# News Story - "Horse Whip Assault"



## JackAT (29 April 2013)

Sky News Story

Only just caught wind of this now, although it has been knocking around since Friday. 

I think I know what Sky are trying to do here! 

Firstly, the headline -"Horse Whip Assault Woman Hunted By Police", granted, not really clear whether it's a story about animal welfare, but it certainly gets the reader feeling strong emotions before they even read.

Then, painting the picture of the poor man, merely watching the hunt being thwacked over the head (and at the grand old age of 63 as well...) by the ruthless woman horse rider (dehumanising her image), in an unprovoked attack that left the man very shaken (but unhurt). 
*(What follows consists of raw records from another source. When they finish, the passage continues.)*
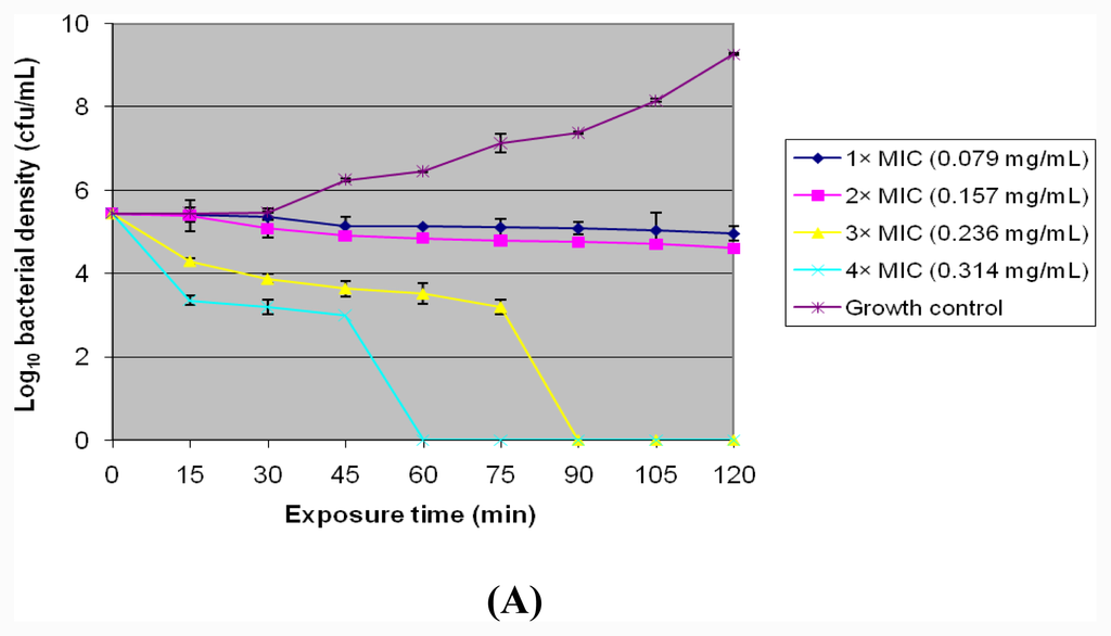Sudjana et al.’s method [56] was used to determine the minimum bactericidal concentration (MBC) from the MIC broth microdilution assays by subculturing 10 μL volumes from each well that did not exhibit growth after 24 h of incubation and spot inoculating it onto fresh Mueller-Hinton agar plates. The plates were incubated for 48 h after which the numbers of viable colonies were counted. The MBC was defined as the lowest concentration killing more than or equal to 99.9% of the inoculum compared with initial viable counts [56].
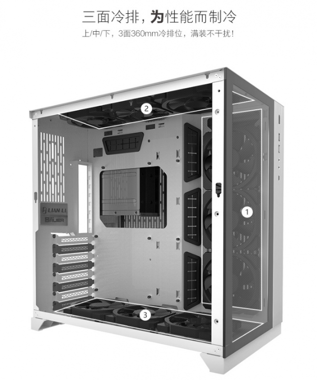 而整款产品最大的亮点无疑是能同时安装三个360冷排!是同时噢!可以说为玩家自定义散热提供了无限可能!绝对是机箱中的散热神器!
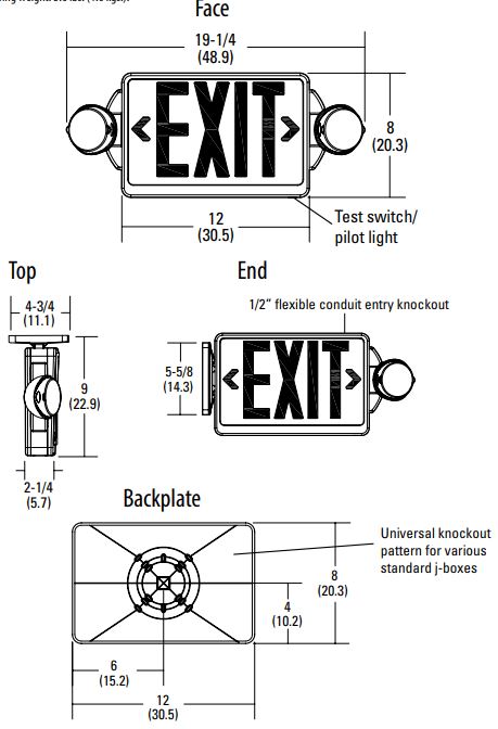 ▪ Suitable for applications requiring quick installation of both exit sign and unit equipment with a streamlined design for above the door applications and other tight fits
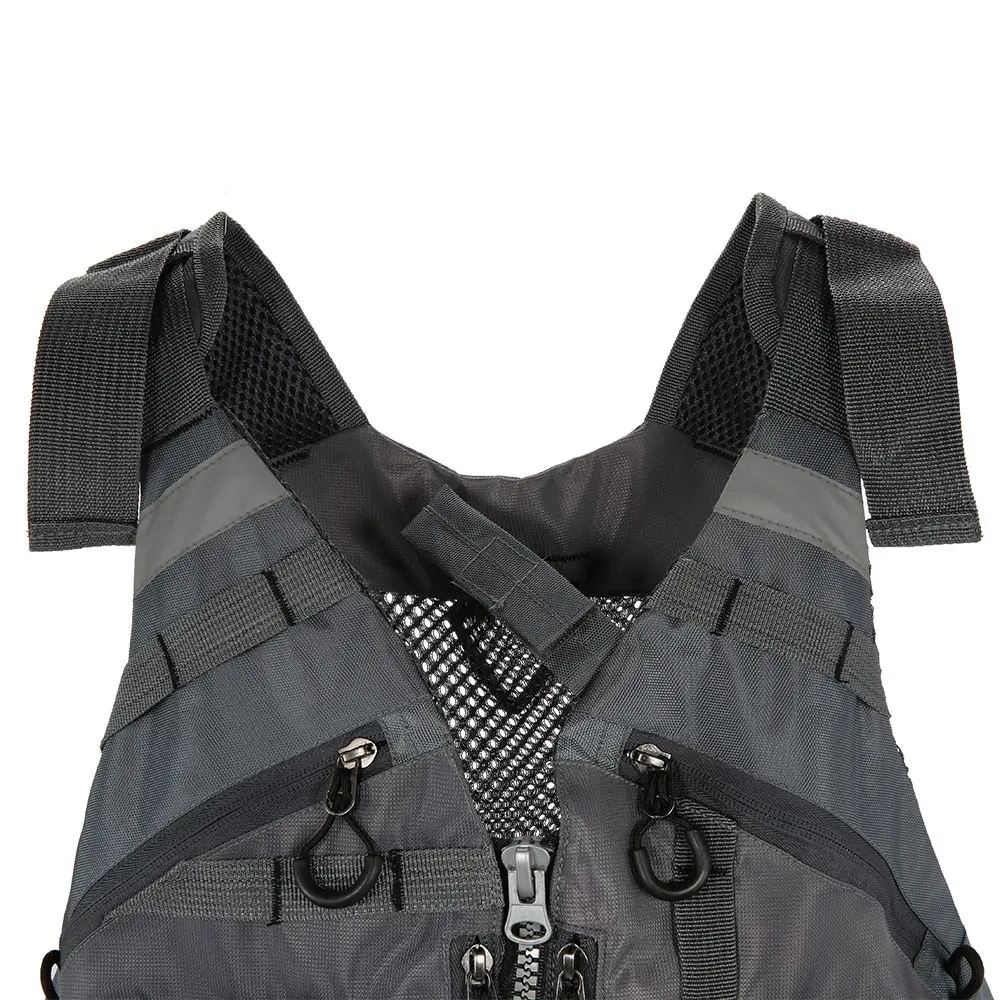 Этот спасательный жилет для рыбалки больше похож на тактический жилет с 11 карманами на молнии и несколькими прикрепляемыми лестницами и аксессуарами петлями на передних и широких отражателях на спине и плече. Под тактическим внешним видом это полностью функциональное Флотационное устройство, которое отстегивается для работы в качестве ножного рыболовного снаряда. И этот жилет подойдет практически любому человеку из-за переплетенных регулируемых ремней с пряжкой. Если ваш основной приоритет хранения id gear, этот спасательный жилет является одним из видов. Отлично подходит для рыбалки, КАЯКОВ, каноэ (практически любой тип рыбалки).Особенности:Изготовлен из высококачественного полиэфирного корпуса ripstop и заменяемой пены EPE внутри для превосходной плавучести.Четыре вместительных нагрудных кармана, четыре передних кармана на молнии, два боковых сетчатых кармана и один вместительный задний карман в общей сложности.Аксессуары петли и крепления лестницы на груди приглашают на заказ вложения.Сетка на спине и сетчатая ткань внутри обеспечивают высокую воздухопроницаемость.Открытые стороны оставляют вам больше места для весла, бросания или наведения на воду.Многоярусные регулируемые ремешки с пряжкой подходят практически для любого человека.Отражатели на спине и плечах обеспечивают профессиональную безопасность для спасения жизни.Отлично подходит для ловли нахлыстом, КАЯКОВ, каноэ (довольно много любого типа рыбалки).Характеристики:Цвет: серый/зеленый/красный/синий (опционально)Материал: полиэстер + пена EPEМаксимальный подшипник: 95 кг/209.44lbРазмер изделия: 55*46 см/21,65*18,1 дюймаВес: 75 г/фунтовРазмер посылка: 50*44*10 см/19,69*17,32 * 3.94inВес посылка: 780 г/1.71lbПосылка:1 * спасательный жилет для рыбалки
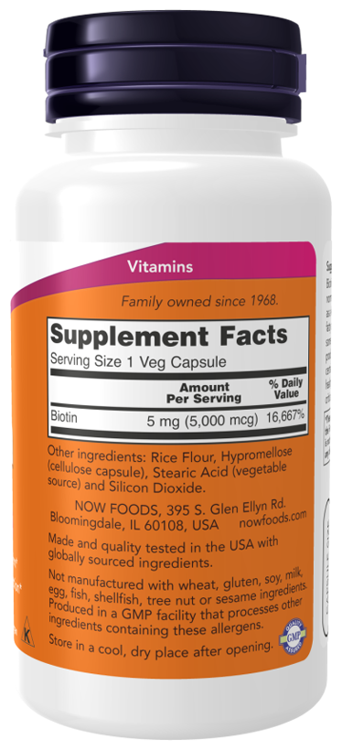 NOW Biotin, Биотин, 60 капсул
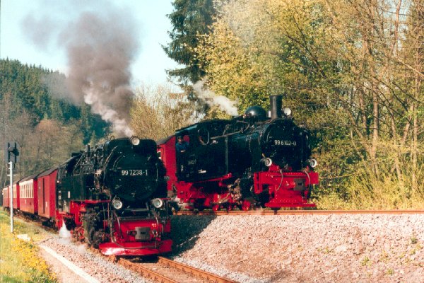 Doppelausfahrt mit "Neubaulok" 99 7238 und "Fiffi" (Lok 99 6102)
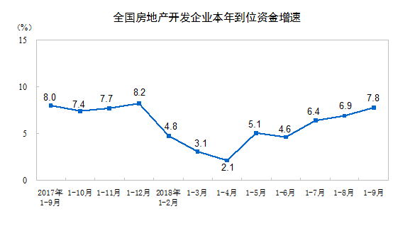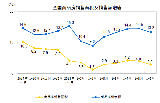 央廣網(wǎng)北京10月19日消息,國(guó)家統(tǒng)計(jì)局今日發(fā)布2018年1-9月份全國(guó)房地產(chǎn)開發(fā)投資和銷售情況。數(shù)據(jù)顯示,2018年1-9月份,全國(guó)房地產(chǎn)開發(fā)投資88665億元,同比增長(zhǎng)9.9%,增速比1-8月份回落0.2個(gè)百分點(diǎn);商品房銷售面積119313萬(wàn)平方米,同比增長(zhǎng)2.9%,增速比1-8月份回落1.1個(gè)百分點(diǎn);1-9月份,房地產(chǎn)開發(fā)企業(yè)到位資金121882億元,同比增長(zhǎng)7.8%,增速比1-8月份提高0.9個(gè)百分點(diǎn)。
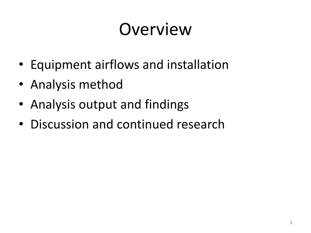 Overview • Equipment airflows and installation • Analysis method • Analysis output and findings • Discussion and continued research
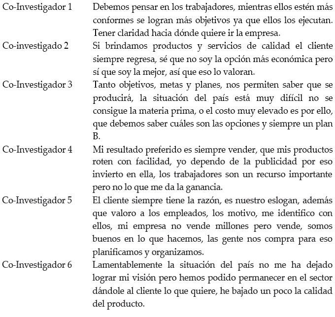 En su totalidad todos los co-investigadores consideran que lo más importante para lograr resultados en una organización es poder cumplir con metas y objetivos en los tiempos establecidos, con el menor recurso posible, cabe resaltar que dichos resultados deben satisfacer la necesidad de los clientes lo cual generará: Incremento de las ventas, aceptación de los productos, visibilidad. El co-investigador 2 manifestó puntualmente que la empresa debe tener objetivos para la empresa y para el personal, eso motiva a la gente a trabajar más y mejor.
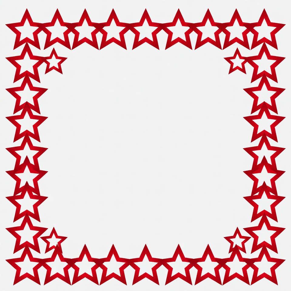 border design, clipart, decorative frame, empty frame, five-pointed stars, frame, graphic border, illustration, red, square frame, star border, star pattern, stars, white background, red stars
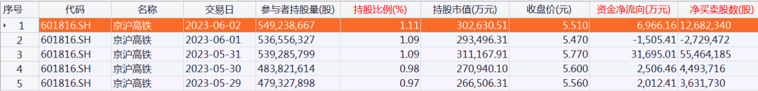 Choice数据显示,截至6月2日,北向资金持有京沪高铁5.49亿股,京沪高铁股价为5.51元/股,总市值为2706亿元。
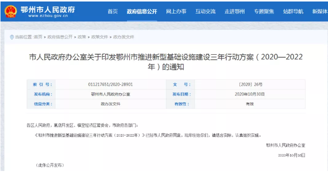近日,鄂州市人民政府官網(wǎng)發(fā)布了《市人民政府辦公室關(guān)于印發(fā)鄂州市推進(jìn)新型基建設(shè)施三年行動(dòng)方案(2020-2022)的通知》,根據(jù)內(nèi)容顯示:

Not exactly fair, unbiased reporting is it?  Suppose it's not really newsworthy unless there's some form of spin on it. People get hit everyday by lots of other people.


----------



## JanetGeorge (29 April 2013)

A bit odd!  Why the hell would they need to release photos - all the police would have needed to do would be to take the photos to one of the Masters (interesting there were some available.  I would guess the poor OLD (watch it, that's NOT old!) man was a hunt monitor/sab - and if he'd used the abusive language at her that I've had a few use against me (and heard them use against others) then good on her for cracking his tiny brain!


----------



## Countryman (29 April 2013)

Certainly if I knew the identity of the woman I wouldn't be disclosing it, and nor I hope would the masters of her pack! 

I'm sure this attack was provoked in some way, but I'm not sure we should be publicising this story on H&H.


----------



## Alec Swan (29 April 2013)

I'm a little confused,  see below;

_"The man, from Somerset, was not injured in the attack but was left "shaken" by the experience"._

If the man wasn't injured,  how was it an attack which would have warranted Police intervention,  or enquiry?

Sky and the Mail are competing for the naff reporting awards , I suspect.

Alec.


----------



## happyhunter123 (29 April 2013)

I expect it's that woman and man (Forsyth I think he's called) who harass hunts down in Dorset. They do this regularly. Check it out on YouTube-great actors. Do a wonderful 'pretending to be pushed over' impression. Classic.

They're never injured but always 'shaken' after their experience. They play the age card a fair bit too-they aren't 100 for goodness sake-60 is nothing now.

This comes second in the 'none-story or the year' category after that pathetic story about a hunt passing by (yes PASSING BY) in a next door field, a rural primary school. Again, everyone was left 'shaken', the 'kids had to be kept in' etc. Madness!


----------



## Alec Swan (29 April 2013)

happyhunter123 said:



			.......

......for goodness sake-60 is nothing now.

.......!
		
Click to expand...

I'm warming to you. 

Alec.


----------



## lachlanandmarcus (29 April 2013)

I read the story and even on first reading it made no sense, so I concluded there was a lot more to it than the story, sadly not everyone will think this and some will take it at face value....:-(


----------



## JackAT (29 April 2013)

JanetGeorge said:



			I would guess the poor OLD (watch it, that's NOT old!) ...
		
Click to expand...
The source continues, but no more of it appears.